Hints and tips for protein secondary structure prediction with Jpred
- Protein secondary structure prediction algorithms are trained with globular proteins. Unless the algorithm is specifically trained only with transmembrane proteins (such as PHDhtm), secondary structure prediction is very likely to be wrong for transmembrane segments.
- Coiled coils are another special type of secondary structure element. If the coiled coil prediction methods predict a coiled coil you will need to re-examine your sequence.
- Try to filter your sequence so that it contains no transmembrane or coiled coil regions prior to prediction. Secondary structure prediction methods apply a window of up to 19 residues during prediction. If there are coiled coil or TM regions within your protein, the predictions at the boundaries of coiled coil or transmembrane regions and the rest of the sequence are likely to be incorrect.

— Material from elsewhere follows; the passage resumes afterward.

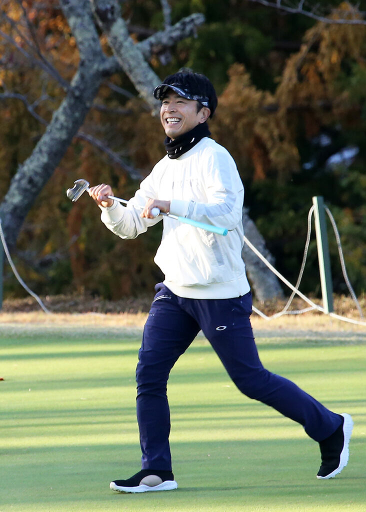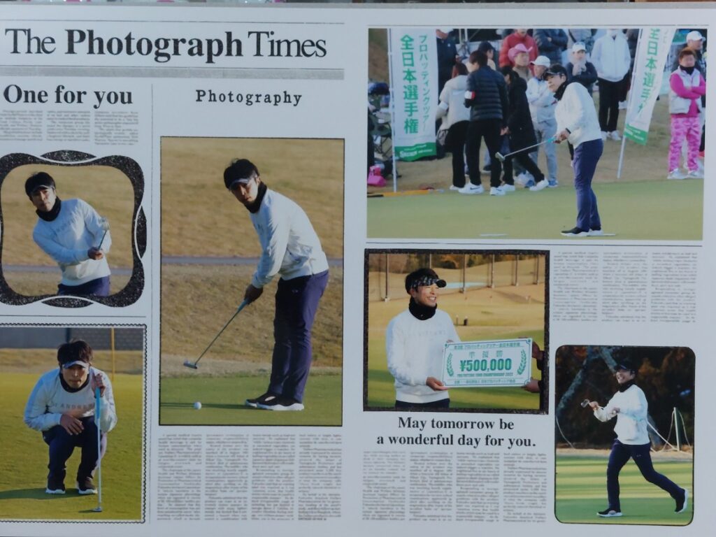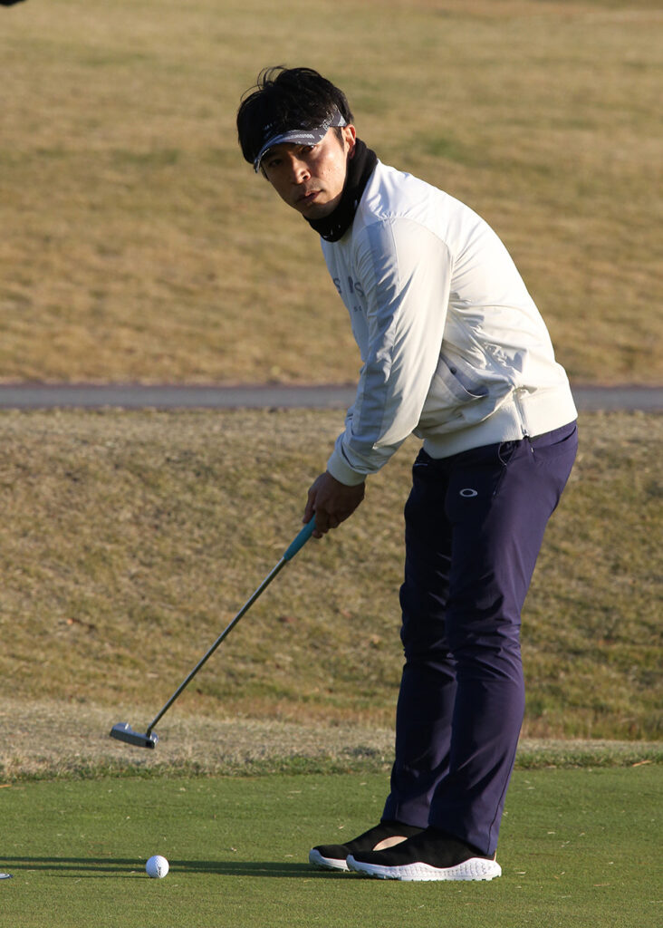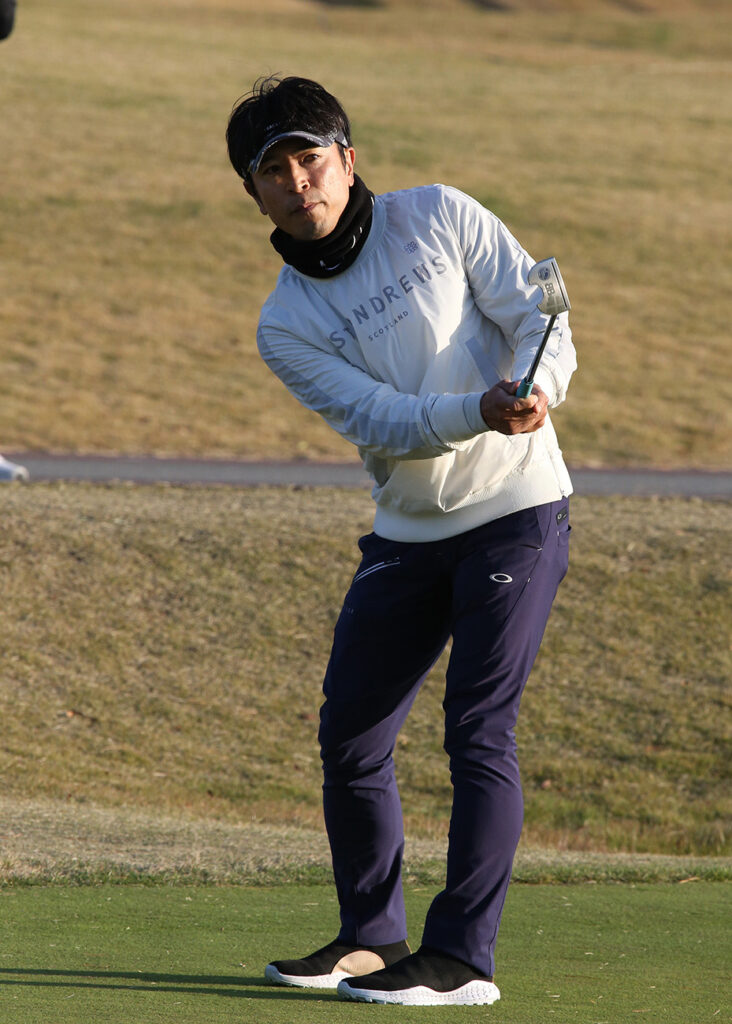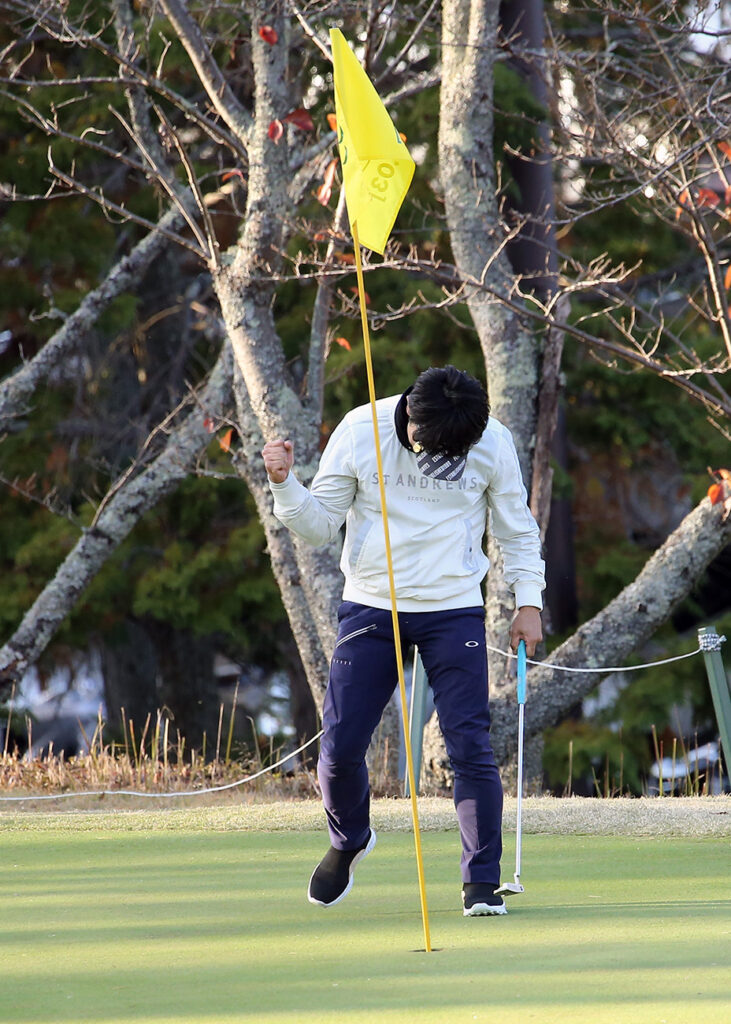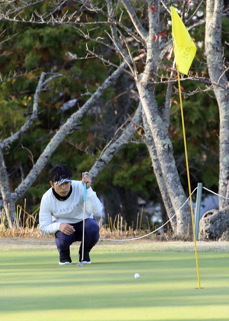 決勝ラウンドでの最終ホールは、お見事でした今年の大会で間違いなく、最大距離の88ヤードのパー2。自分は、88ヤードの中間地点で400ミリの望遠レンズで撮影、テーショット?のようなファーストパットでした。遥か先にあるカップに向かって、急激なスロープを数回下り、ボールは1メートル半ぐらいにつけ、それを沈めて見事なパーでした。写真を撮っていても絵になってました。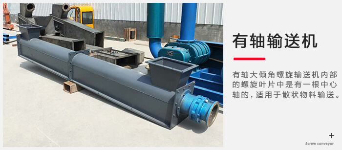 從內(nèi)部構(gòu)造來說,有軸大傾角螺旋輸送機(jī)內(nèi)部的螺旋葉片中是有一根中心軸的,這根中心軸可以幫助輸送機(jī)提升效率且防止物料堆積滑落。其適用于散狀物料的輸送。

- Secondary structure prediction methods are much more accurate (on average ca. 6-7%) when a multiple sequence alignment is applied. Jpred creates one for you using PSI-BLAST, but a user created one is likely to result in a better prediction.
- If Jpred finds a PDB structure that matches your query, think about why you are predicting the secondary structure. If a structure is available that shares significant sequence similarity to your query, it will make a much better starting point for model building than a secondary structure prediction. If you want to see how the predictions compare, by all means switch off the automatic scan.
- Jpred generates multiple sequence alignments with low redundancy. Redundant sequences in the alignment cause the profiles used in the prediction methods to become biased. Prediction methods are more accurate when a non redundant alignment is used. If you want to use your own alignment for prediction, make sure that any redundant sequences are removed prior to prediction.
- For an initial 'look see' the best approach is to run Jpred with a single sequence. This way Jpred will have an accurate prediction, and it also generates an automatic multiple sequence alignment.
- Jnet predicts solvent accessibility at three thresholds. 25%, 5% and 0%. Residues predicted at 0% exposure represent those residues that are likely to be 'very buried'.